My new system does both solar water and space heating, and uses a larger vertical collector.  So far, this is working out well.  Even though the collector is much larger than we would need for hot water in the summer, it does not overheat due to the vertical orientation.
This is it:  http://www.builditsolar.com/Projects/SpaceHeating/DHWplusSpace/Main.htm

Still, a more tilted, or roof mounted collector can work fine too.

Gary


----------



## Billy123 (Mar 26, 2011)

Some questions on the screen method:

The layers on the collector are spaced at 3/8". (He uses 3) How is that framed? Does he cut the wood to 3/8"? 

How would a 1"x2" do as a frame with a screen layer on both sides. Would the 3/4" space be too much?

I wonder if the screen was painted flat black, if that would boost performance?

Also, based on the test results for screen layers, I wonder if a layer of painted black aluminium sheeting on the bottom would boost performance.


----------



## GaryGary (Mar 26, 2011)

Billy123 said:
			
		

> Some questions on the screen method:
> 
> The layers on the collector are spaced at 3/8". (He uses 3) How is that framed? Does he cut the wood to 3/8"?
> 
> ...



Hi,
The "he" in the pictures is me (Gary).

The 3/8 thick edge frame is a piece of 3/8 inch thick plywood siding material I had left over that is ripped into strips about an inch wide to make the frame.  

I don't believe that the 3/8 is at all critical.  I think that a 1 by 2 that would give a 3/4 inch spacing would be fine.
No one has tested the effect of spacing, but I can't think of any reason that spacing the layers a little further apart would make much difference.

The screen I used is the "charcoal" insect screening.   It is pretty close to black, and I don't think painting it black would help it.  It might hurt the performance if the paint tended to block up the screen openings.

I painted the back of the collector flat black.  The idea being that radiation that gets through the layers of screen will be absorbed by the back of the collector, and this will heat up and transfer heat to the air.  The screen lets a significant amount of light through, so even with three layers some light gets through all three -- I think you want the back surface of the collector to be dark enough to absorb this light.    This little test I did indicates that 3 layers of screen absorbs about 80% of the light.

http://www.builditsolar.com/Experimental/ScreenAbsorber/ScreenAbsorber.htm

There was some discussion on whether it would be better to make the back of the collector box reflective (say alum foil) in that this would reflect the light that gets through the layers of screen back to the screen where it would have a 2nd chance to be absorbed.

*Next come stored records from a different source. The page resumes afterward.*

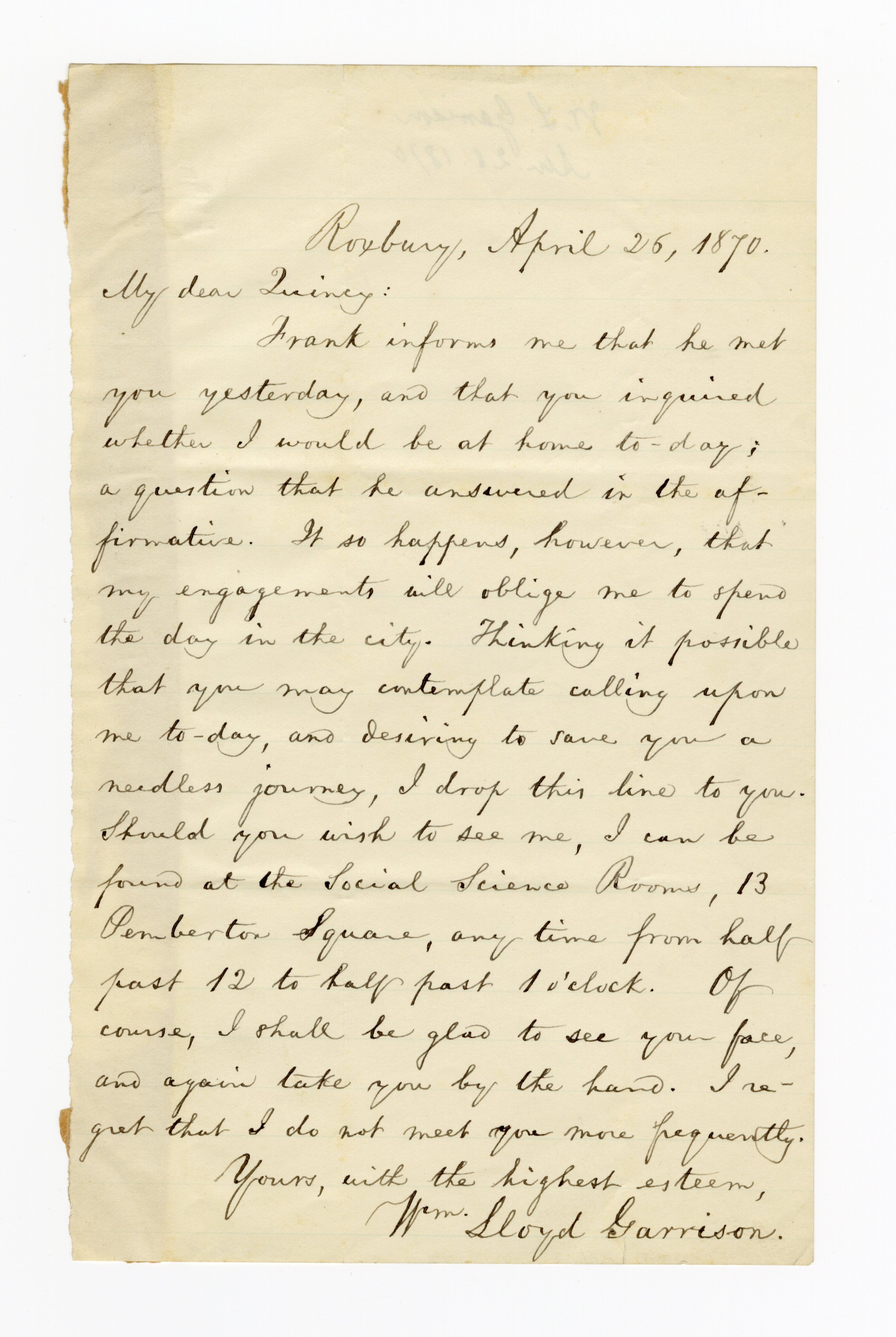 William Lloyd Garrison to Edmund Quincy, 26 April 1870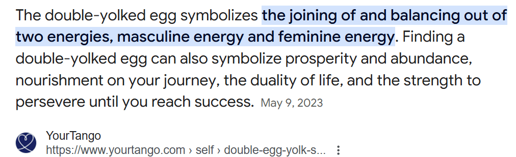 I’ve been getting repeating signs lately. One is of the double yoke egg when I make my breakfast. I thought this would be fun to look up it’s meaning.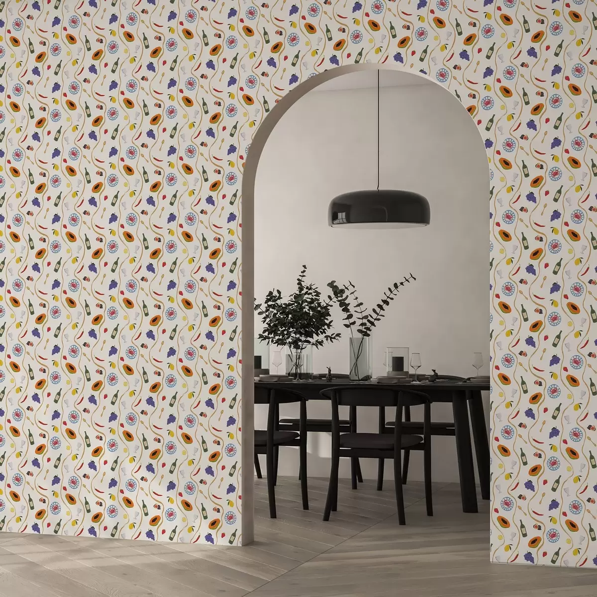 Carta da parati Bottiglie, papaya, limoni e spezie su sfondo chiaro Nr. a00802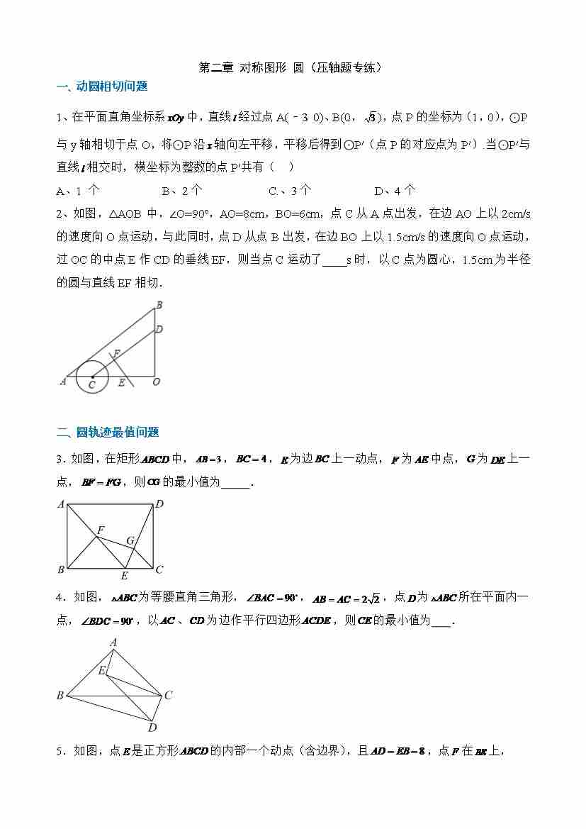 首页 > 全部 > 专题复习 > 第二章 对称图形—圆(3类压轴题专练)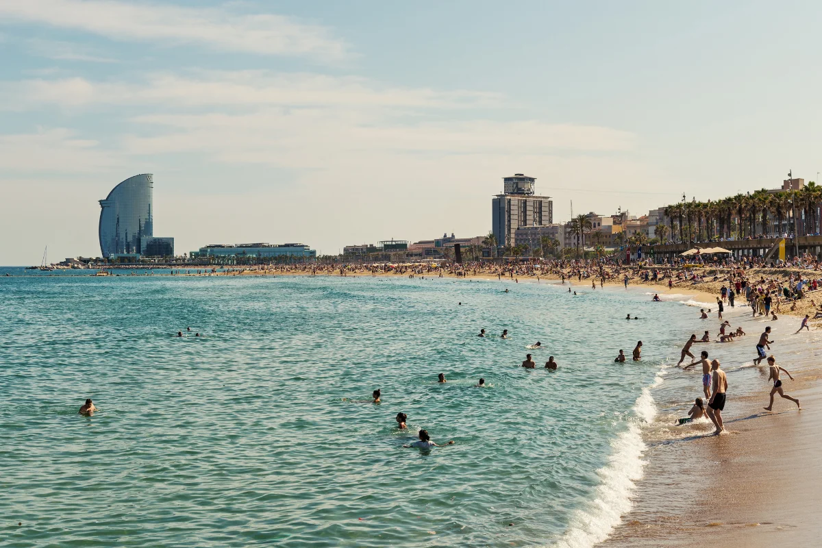 Septiembre mantiene temperaturas de verano (26°C de máxima) y la playa sigue siendo usable. La diferencia respecto a julio y agosto es que el volumen de turistas empieza a bajar. La Mercè (24 de septiembre, fiesta mayor de Barcelona) llena la ciudad de conciertos gratuitos, castellers, correfocs y actividades en la calle durante una semana. La noche del 23 de septiembre el metro funciona sin interrupción.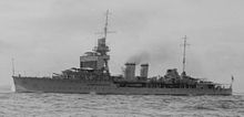 In the interbellum, in 1924, she was part of the First Cruiser Squadron, Atlantic.[2] During 1924, she was attached to a task force with HMS Hood, Repulse, Delhi, Danae (which would later replace Dragon in the Polish Navy) and Dauntless for a variety of tasks around the world. Dragon was stationed in Zanzibar, Ceylon, New Zealand, Fiji, Canada, and Jamaica, and took part in visits to the United States, Dutch Antilles, and Australia.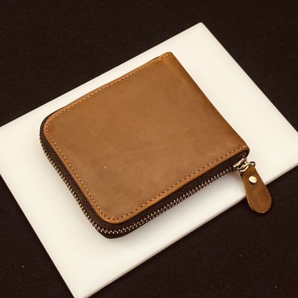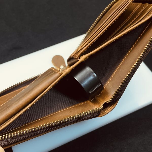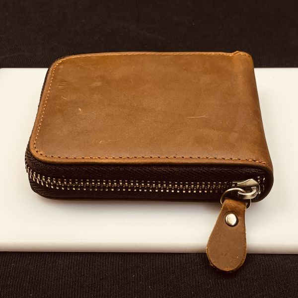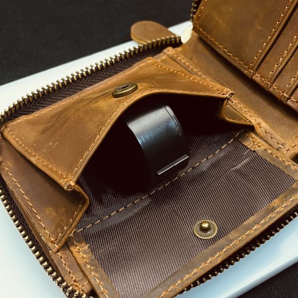 【浅草革具】ヌバックレザー 二つ折り財布 コンパクト財布 メンズ財布 レザー 革財布 本革 牛革 新品未使用 折り財布 ファスナー ブラウン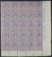 1863 - Definitiva 60 c. lilla tiratura di Torino blocco di venticinque esemplari angolo di foglio inferiore destro - Timbro Bolaffi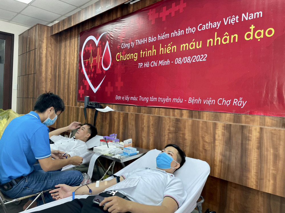 Với phương châm “Cùng gieo mầm hôm nay, cho tương lai phồn thịnh”, Cathay Life luôn tích cực tham gia các hoạt động xã hội, hoạt động thiện nguyện. Nhân dịp kỉ niệm 14 năm hoạt động tại thị trường Việt Nam, được sự hỗ trợ của Trung Tâm Truyền Máu - Bệnh Viện Trợ Rẫy, Cathay Life Việt Nam đã tổ chức chương trình hiến máu nhân đạo cho toàn thể nhân viên và khách hàng Cathay Life Việt Nam, ghi nhận hiến tượng gần 150 đơn vị máu.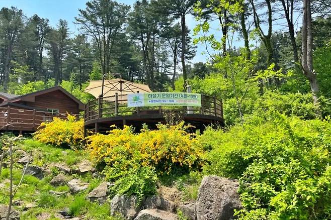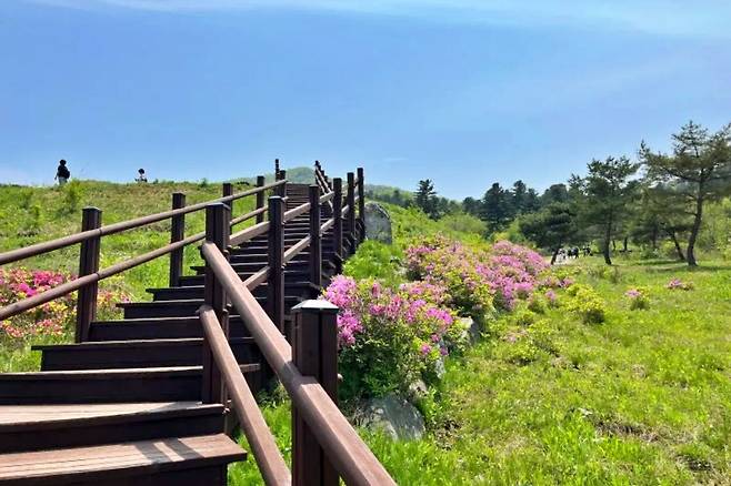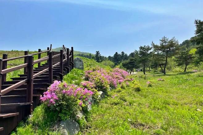 정상에 도착하면 ‘사방댐’이 등장한다. 산불 진화용 헬기 취수원으로도 사용되는 인공호수지만, 침엽수와 철쭉이 어우러진 풍경 덕분에 그림 같은 풍경을 자랑한다. 수면에 반사되는 나무 그림자와 푸른 하늘이 어우러져 잠시 머무르고 싶은 감성을 자극한다.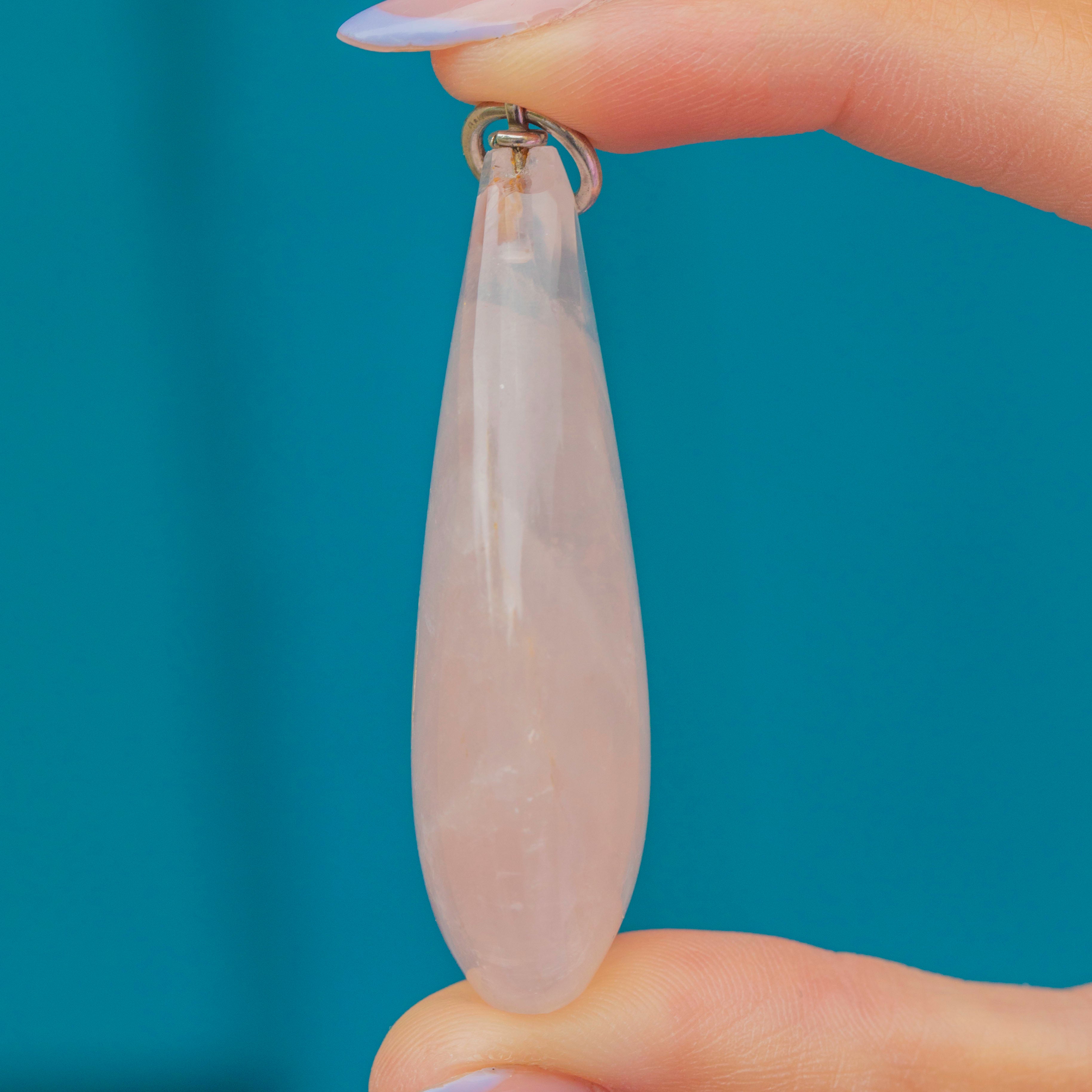 Rose Quartz is believed to open the heart chakra, promoting peace and strengthening relationships, making this Art Deco pendant a wonderful choice to wear close to your heart!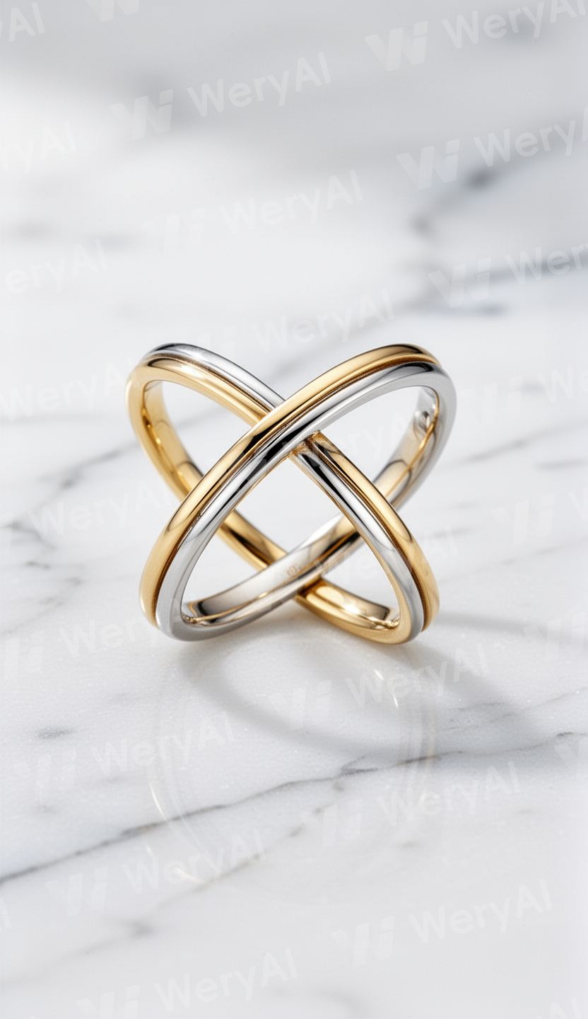 minimalist interlocking ring, K18 yellow gold and white gold bicolor, two delicate bands intersecting at precise angles, architectural geometric design, elegant kinetic frozen motion, modern timeless aesthetic, product photography, white marble surface, soft diffused lighting, high-end jewelry catalog, sharp detail, 8k --ar 1:1 --s 300 --no cute, ornate, vintage, bulky, romantic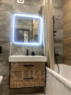 - ванная в современном стиле и зеркалом с подсветкой.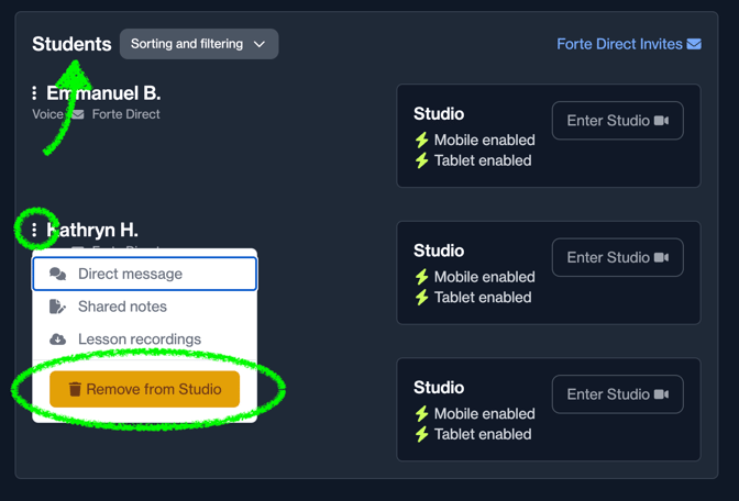 You can change which student(s) has access to your Forte teaching Studio via your Basic or Pro membership!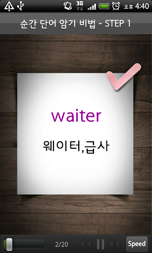 손가락을 들어 화면을 터치해 주세요! 한 단어도 빠짐 없이 암기 할 수 있도록 도와 드립니다!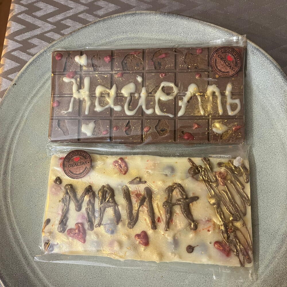 🍫 Chocolates Personalizados Kaaly Artesanía, sabor y un detalle único hecho para ti Nuestros chocolates personalizados Kaaly están elaborados de forma artesanal, uno a uno, con chocolate de alta calidad y acabados elegantes. Cada pieza se personaliza con nombres, palabras o mensajes especiales, convirtiéndolos en el regalo perfecto para cualquier ocasión. ✨ Ideales para: cumpleaños, San Valentín, aniversarios, bautizos, comuniones, eventos o detalles corporativos. 🍫 Tipos de chocolate Chocolate con leche Chocolate blanco Chocolate negro (opcional)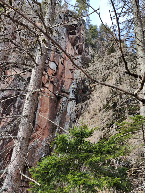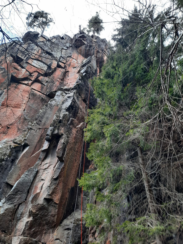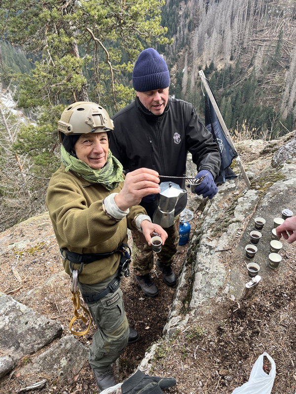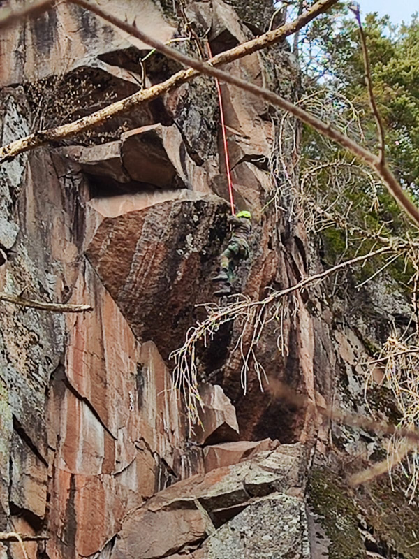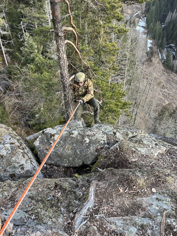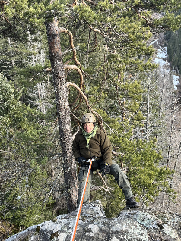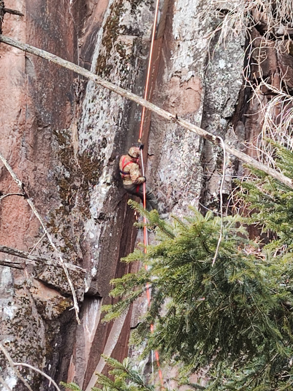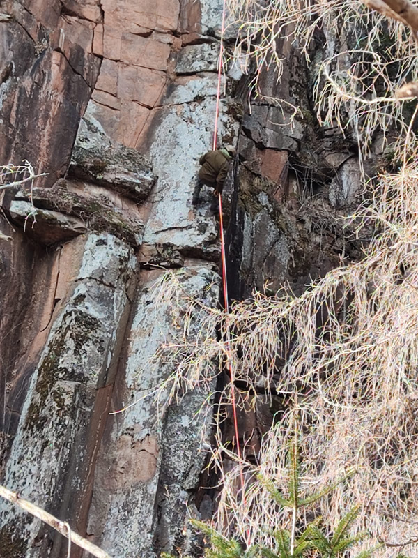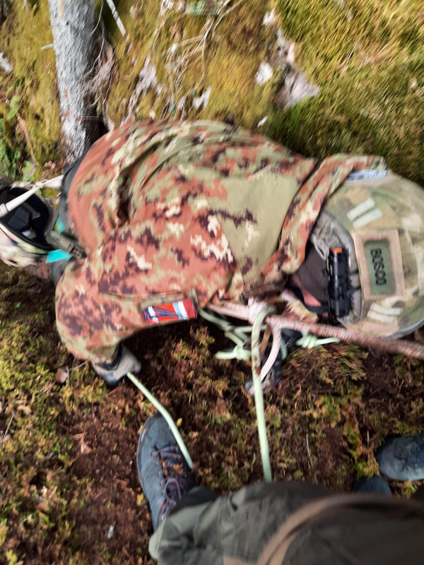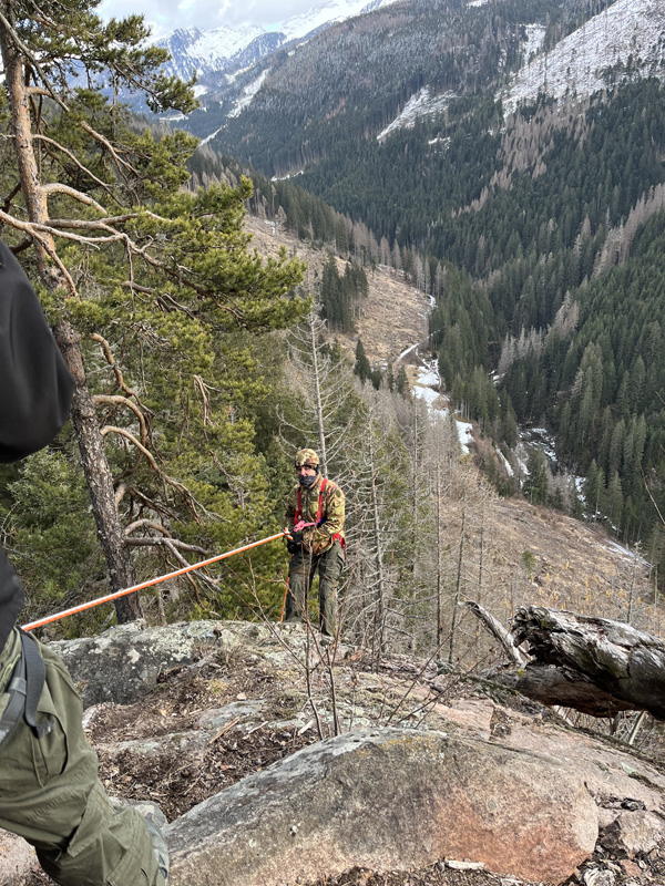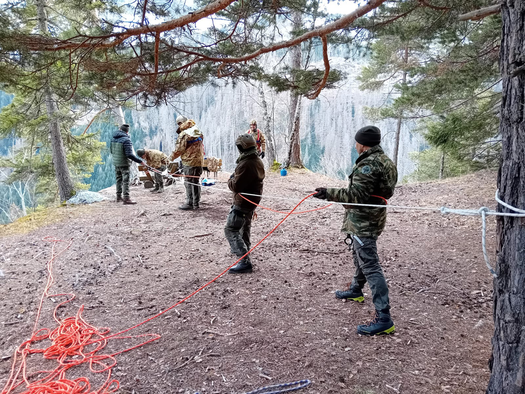 Dopo l’avvicinamento nel bosco per raggiungere la posizione del belvedere e assicurate le corde per la calata in corda doppia, ma soprattutto aver consolidato le scalette improvvisate con corde per superare la parete per il rientro, si cominciava l’attività la discesa.

I don't see any performance benefit in making the back surface aluminum?  
The back surface of this test collector is the face sheet on the polyiso insulation sheet -- I think that when its painted black, it will absorb and transfer heat just as well as an aluminum sheet?

One thing that is important on air collectors is to get the air spread out uniformly across the full absorber surface.  Parts of the absorber that don't get enough airflow run hotter and lose more heat out the glazing.  Hopefully the diffuser plate at the inlet and the back pressure of the screen tend to spread the flow -- but, to the best of my knowledge, no one has really tested how uniformly the air gets spread out.

Edit: I should have mentioned that I did collectors with both the aluminum insect screen and the black fiberglass insect screen.  The fiberglass is nice to work with, but the fiberglass I used wanted to out gas and coated the glazing with a kind of gooey liquid when the collector was stagnated and hot, so I don't recommend the fiberglass screen -- the aluminum screen is fine.
http://www.builditsolar.com/Experimental/ScreenAbsorber/ScreenAbsorber2.htm

Gary


----------



## Billy123 (Mar 26, 2011)

Gary,

Nice work by the way! 

Another question:

The screen collector vs. the Flashing type as seen here: (http://www.mobilehomerepair.com/article17solar.htm), both same size, does any type perform better?


----------



## GaryGary (Mar 26, 2011)

Billy123 said:
			
		

> Gary,
> 
> Nice work by the way!
> 
> ...




Hi,
This is a somewhat unusual design.  
As they mention, most collectors of this type would place the absorber panel over the top of the baffles and run the air behind the baffles.  There would be no air flow between the glazing the absorber.  This is the traditional back pass collector.
They place the absorber behind the baffles and run the airflow between the absorber and the glazing.

This seems questionable to me in that you are scrubbing high speed and hot air over the glazing -- it seems like this would result in increased heat loss out the glazing.  This is bad in that the heat loss out the glazing is nearly all of the collector heat loss -- its basically the reason that typical air heating collectors run at 40 or so percent efficient instead of 90% efficient.  So, generally you want to do things avoid heat loss out the glazing.  

This is a long way of saying that I think the screen collector is probably more efficient.  But, I've never tested the two side by side, so I could certainly be wrong.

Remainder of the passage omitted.